The jail earned a variety of nicknames over the years, including Gladiator School, Torture Island, and, when the weather was warm, the Oven - because its concrete floors and steel doors soaked in the summer heat. New York city council speaker Corey Johnson called it "a symbol of brutality and inhumanity".
"It is time for us to once and for all close Rikers Island," Mr Johnson told the city council. "As a city we must do everything we can to move away from the failed policies of mass incarceration."
Following a vote by council members, his first demand at least will come to fruition - the storied jail is now set to close in 2026.
At a meeting of the city council, council members recounted the deaths of former inmates, including Kalief Browder, who took his own life at the age of 22 after being imprisoned in Rikers aged 16 for stealing a backpack - a crime he denied. Browder's family could not afford bail, and he spent three years awaiting trial, half in solitary confinement.
Layleen Polanco was a transgender woman who died of an epileptic seizure, also in solitary confinement. After her death, the New York Civil Liberties Union (NYCLU) called for Rikers' closure and a reform to the jail culture of "punishment, abuse and neglect".
Rikers Island is among the world's largest jails - it is perched on a 413 acre (167 hectare) island between Queens and the Bronx and holds about 7,000 inmates, down from more than 20,000 at its peak in the 1990s. Most inmates are awaiting trial or serving sentences shorter than one year and a disproportionate number are black or Hispanic.

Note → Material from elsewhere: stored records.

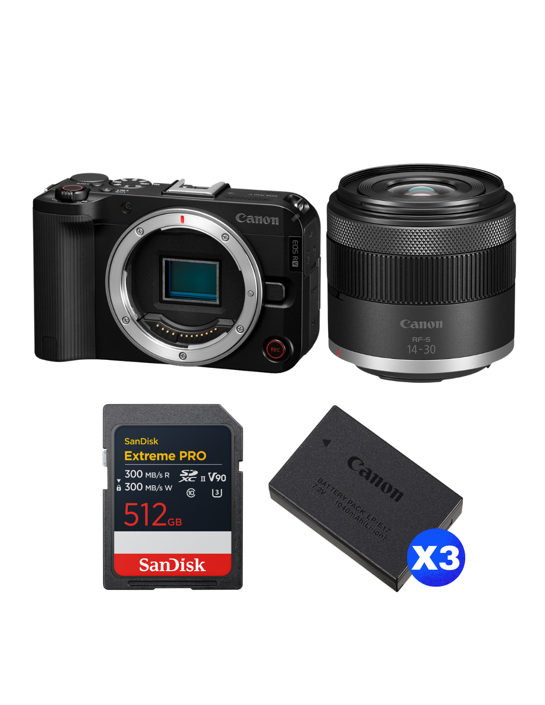 Canon EOS R50 V + RF-S 14-30mm f/4.5-6.3 IS STM PZ + 1 SanDisk 512GB Extreme PRO UHS-II SDXC + 3 Canon LP-E17
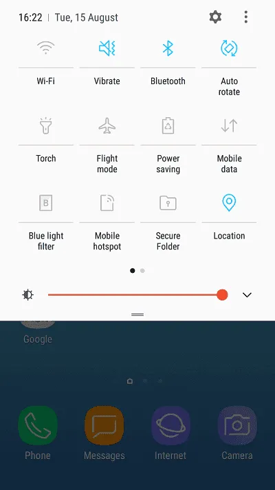 نوتیفکیشن بار طراحی زیبایی دارد. سوییچ‌ها با رنگ خاکستری در این بخش قرار دارند که با روشن کردنشان به آبی تغییر رنگ می‌دهند.
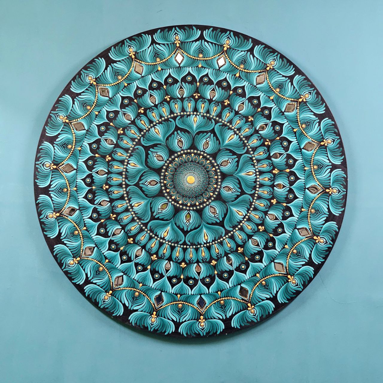 Teal Blue Mandala Art | 36-Inch Round Wall Decor by Hastqala
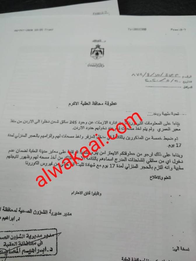 وبحسب وثيقة فإن السائقين دخلوا الحدود من معبر العمري، دون إجراء الفحوصات الطبية اللازمة لهم للتأكد من خلوهم من فايروس كورونا.
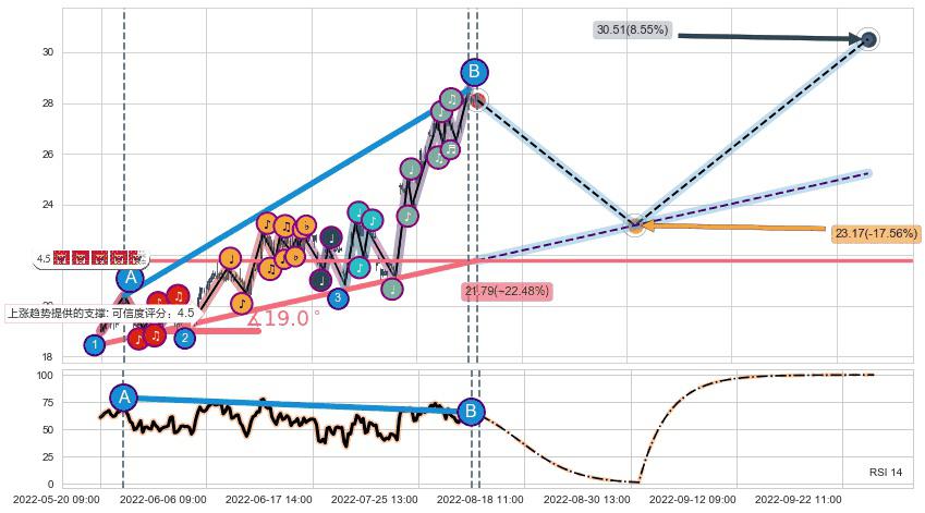 ♘ 支撑价格位22.63,可信任强度82.41%,距离最后交易2022-08-12 14:00形成的收盘价格28.11相差 -19.50%
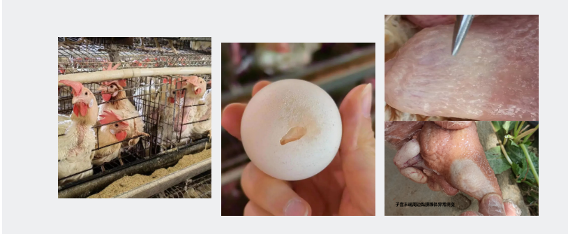 ? ? ? (1)寧經理所在區域禽類養殖較多,近日接到廣西某禽類養殖場求助,說目前部分日齡300天的雞出現了雞冠蒼白、雞冠薄、倒冠,產蛋率由96%下降到85%,蛋殼質量差、破殼蛋、薄殼蛋多的癥狀。經剖檢發現雞腎臟萎縮、肝臟萎縮,卵泡數量減少,輸卵管子宮部末端有白色病變,同日將檢測圖譜、剖檢情況上報武漢金華農生物公司技術診斷中心,初步確診為雞傳染性貧血病與滑液囊支原體混感,立即給出控制方案:金替呼諾+華農樂健+金泰樂欣,3天后回訪,雞群采食量上升,狀態明顯好轉,呼吸道減輕,癱雞減少,10天后蛋層上升2.5個點。
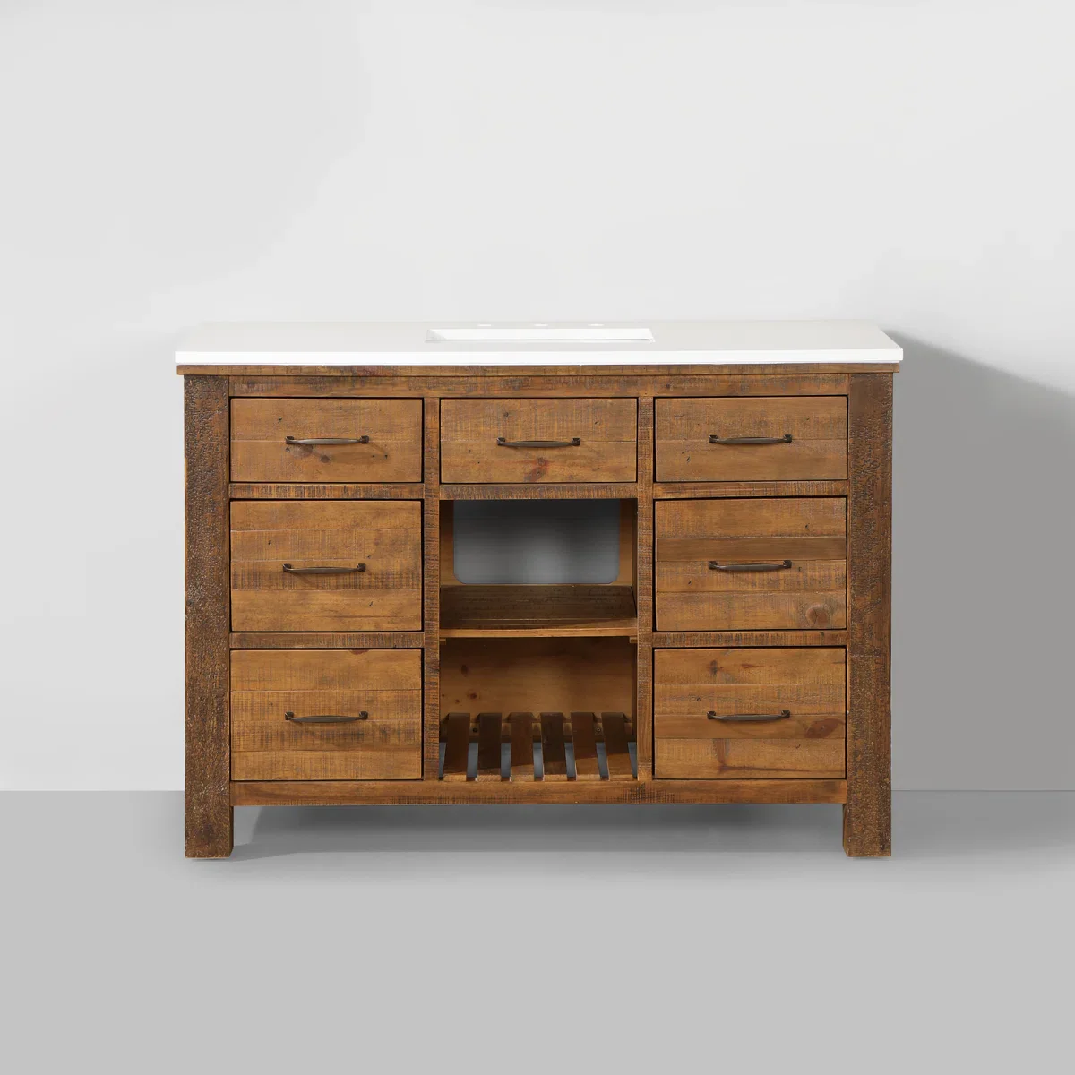 Bring farmhouse charm into your bathroom with this freestanding single vanity set. It has a solid wood base with a vintage pine finish, and it rests on four clean-lined straight legs for a crisp look. Seven drawers (one of them a drop-down accessory drawer) along with two center slatted shelves give you lots of room for towels, toiletries, and smaller bathroom essentials. A white quartz countertop measures 48" wide, and it includes a rectangular ceramic undermount sink. Take note: A compatible faucet is sold separately.

"For decades, our city was unfair to those who became involved in the justice system, and the overwhelming majority who were caught up were black and brown men," Mr Johnson said.

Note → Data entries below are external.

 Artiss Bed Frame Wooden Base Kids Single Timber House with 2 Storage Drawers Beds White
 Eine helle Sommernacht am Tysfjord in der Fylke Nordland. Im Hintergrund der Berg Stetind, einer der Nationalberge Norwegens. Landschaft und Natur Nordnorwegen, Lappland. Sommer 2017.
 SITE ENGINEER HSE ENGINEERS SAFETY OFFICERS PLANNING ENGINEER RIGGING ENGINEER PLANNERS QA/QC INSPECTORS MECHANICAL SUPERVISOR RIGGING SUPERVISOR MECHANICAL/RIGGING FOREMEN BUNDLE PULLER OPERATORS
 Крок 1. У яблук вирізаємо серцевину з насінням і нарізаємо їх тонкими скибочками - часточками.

Along with three other detention centres in Manhattan, Brooklyn and the Bronx, the jail complex will be replaced by four new facilities under a six-year, $8.7 billion proposal put forward by the city's mayor, Bill de Blasio. Critics of the proposal argued that it would lead to higher levels of incarceration in the state - and protesters disrupted the vote, shouting: "If you build it they will fill it."
"The idea is to begin actually decarcerating New York City instead of building new jails" said Marlene Nava Ramos, a member of the advocacy group No New Jails NYC.

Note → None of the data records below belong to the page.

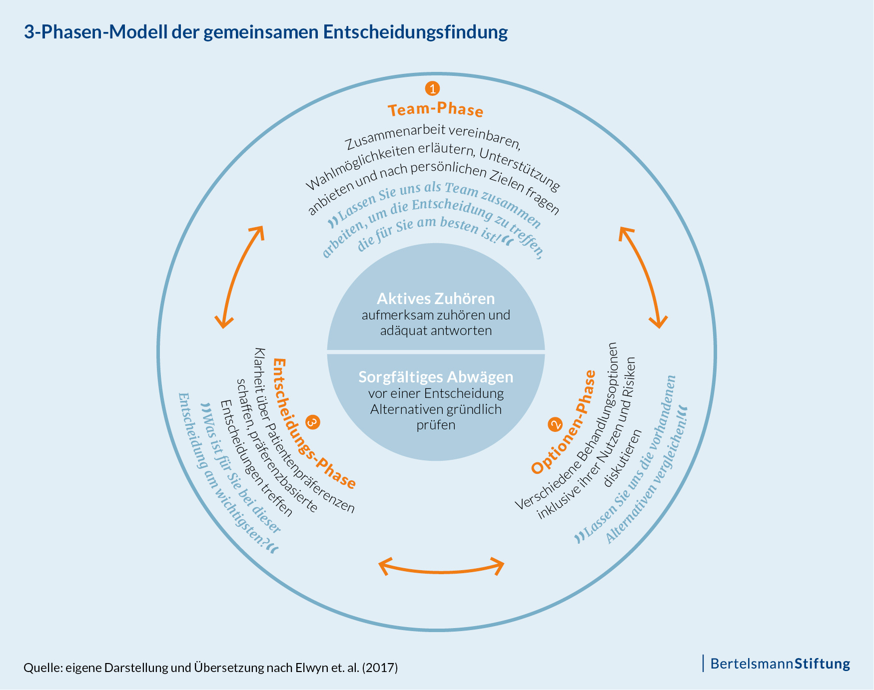 : Grafiken zur gemeinsamen Entscheidungsfindung Teilen Drucken Eine große Mehrheit der Bevölkerung wünscht sich, dass Arzt und Patient gemeinsam Entscheidungen treffen. Bertelsmann Stiftung Das Modell verdeutlicht die Komplexität von gemeinsam getroffenen Entscheidungen. Bertelsmann Stiftung In unserer Fokusgruppen-Befragung kristallisierten sich diese Gruppen von Faktoren heraus, die Einfluss auf Entscheidungen haben. Bertelsmann Stiftung
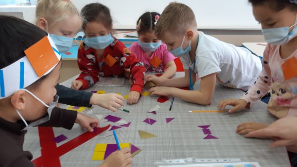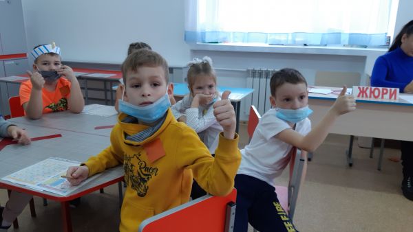 В течение часа младшие школьники открывали в себе математические дарования. Они решали весёлые задачки, собирали бусы из чисел, искали потерянные цифры, завершали логические цепочки, составляли из предложенных фигур герб команды. Все эти интересные задания на развитие математической грамотности чередовались весёлой физминуткой.
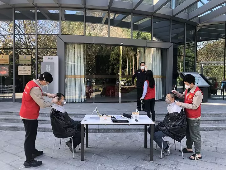 二月二,龍?zhí)ь^,一把椅子、一面鏡子、一套剃發(fā)工具,鹽田能源生態(tài)園的簡(jiǎn)易理發(fā)室開(kāi)張啦。防疫先鋒戰(zhàn)斗隊(duì)五人義剪小分隊(duì)隨即開(kāi)始行動(dòng),對(duì)理發(fā)室開(kāi)啟自然通風(fēng),對(duì)理發(fā)用具進(jìn)行消毒,清潔雙手,全部使用一次性“斗篷”,確保理發(fā)過(guò)程中一“客”一換一消毒……準(zhǔn)備工作做好后,Tony老師開(kāi)啟微信排號(hào),統(tǒng)一戴上口罩,測(cè)量體溫登記后,提拉剪推,一氣呵成。本次義剪為30余名員工解決了“頭”大事,大家“輕裝上陣”,將以更飽滿的精神投入到疫情防控和安全生產(chǎn)工作中。
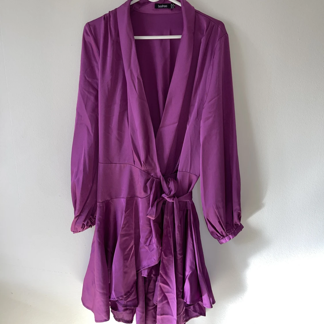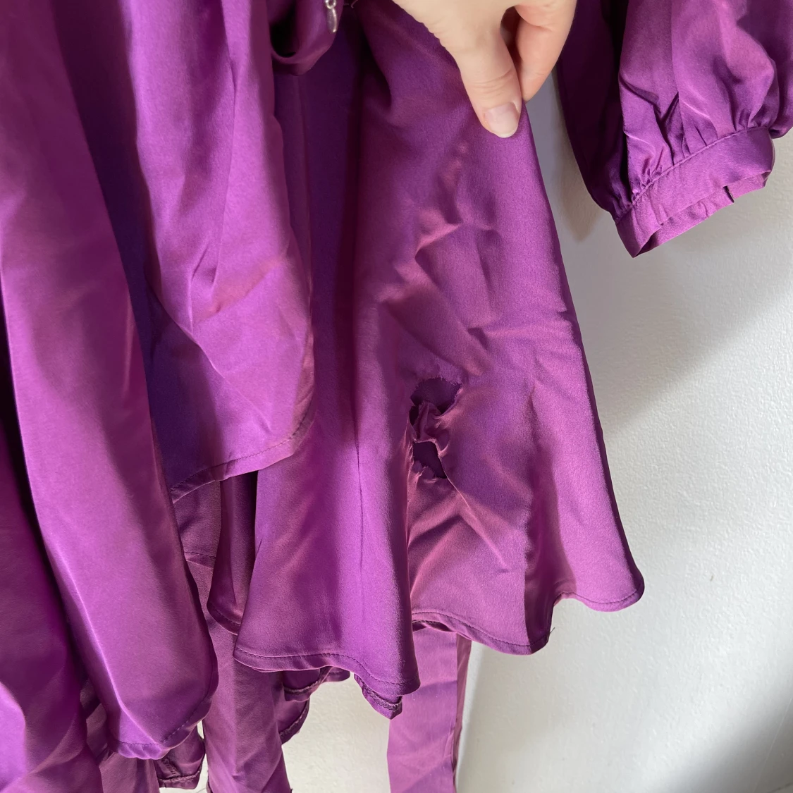 Lila omlottklännings som är använd 2 gånger, har ett litet hål från strykjärnet på ena volangen som inte syns när man använder den för den sitter på en inre volang, se sista bilden 🌸
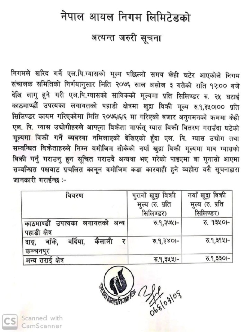 निगमले गत असोज ३ गते मध्यरातदेखि लागु हुने गरी एल.पी ग्याँसको मूल्य घटाएको थियो । खुद्रा मूल्यमा प्रति सिलिण्डर १३७५ रुपैयाँ रहेको मूल्यमा २५ रुपैयाँ घटाएको थियो ।

Other critics said the six-year timeline was unrealistic, claiming that the plan to shrink the jail population to a combined daily capacity of 3,300 prisoners would mean more violent criminals on the streets.
"It's not clear how they're going to get these numbers and it's politically driven," Seth Barron, from the conservative think tank NYC Initiative, told the Associated Press. "It's a big risk because we've already taken all the nonviolent people out of Rikers," he said.
Mr de Blasio said he was optimistic. "The era of mass incarceration is over," he told reporters after the vote. "This action today is about valuing our people - no longer sending them on a pathway that only made their lives worse and worse."
He spoke of breaking "a cycle of incarceration" by better integrating prisoners into the community once they have completed their sentences. "That cycle ends now," he said.